• [LISTED ENTRIES]
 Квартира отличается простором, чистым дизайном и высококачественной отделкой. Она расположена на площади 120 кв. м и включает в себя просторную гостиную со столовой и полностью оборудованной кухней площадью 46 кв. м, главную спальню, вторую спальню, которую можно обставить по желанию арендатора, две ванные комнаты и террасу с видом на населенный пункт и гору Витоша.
---
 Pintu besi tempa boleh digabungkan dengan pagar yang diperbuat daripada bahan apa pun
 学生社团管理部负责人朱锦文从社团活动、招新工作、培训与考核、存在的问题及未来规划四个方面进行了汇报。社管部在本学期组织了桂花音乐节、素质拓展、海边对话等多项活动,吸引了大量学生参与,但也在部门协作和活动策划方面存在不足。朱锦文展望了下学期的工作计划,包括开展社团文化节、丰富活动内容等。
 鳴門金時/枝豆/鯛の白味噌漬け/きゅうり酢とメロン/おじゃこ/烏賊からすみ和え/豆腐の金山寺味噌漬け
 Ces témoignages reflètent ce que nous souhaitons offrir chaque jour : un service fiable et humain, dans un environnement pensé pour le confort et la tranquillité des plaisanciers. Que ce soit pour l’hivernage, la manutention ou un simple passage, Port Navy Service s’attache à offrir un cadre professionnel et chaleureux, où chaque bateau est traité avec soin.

• [YOUR GOAL] Transcribe the records above exactly, beginning at the line that contains "Pintu besi tempa" and ending with the line that contains "Ces témoignages reflètent", both included, and nothing else.

• [WORKED SOLUTION]
 Pintu besi tempa boleh digabungkan dengan pagar yang diperbuat daripada bahan apa pun
 学生社团管理部负责人朱锦文从社团活动、招新工作、培训与考核、存在的问题及未来规划四个方面进行了汇报。社管部在本学期组织了桂花音乐节、素质拓展、海边对话等多项活动,吸引了大量学生参与,但也在部门协作和活动策划方面存在不足。朱锦文展望了下学期的工作计划,包括开展社团文化节、丰富活动内容等。
 鳴門金時/枝豆/鯛の白味噌漬け/きゅうり酢とメロン/おじゃこ/烏賊からすみ和え/豆腐の金山寺味噌漬け
 Ces témoignages reflètent ce que nous souhaitons offrir chaque jour : un service fiable et humain, dans un environnement pensé pour le confort et la tranquillité des plaisanciers. Que ce soit pour l’hivernage, la manutention ou un simple passage, Port Navy Service s’attache à offrir un cadre professionnel et chaleureux, où chaque bateau est traité avec soin.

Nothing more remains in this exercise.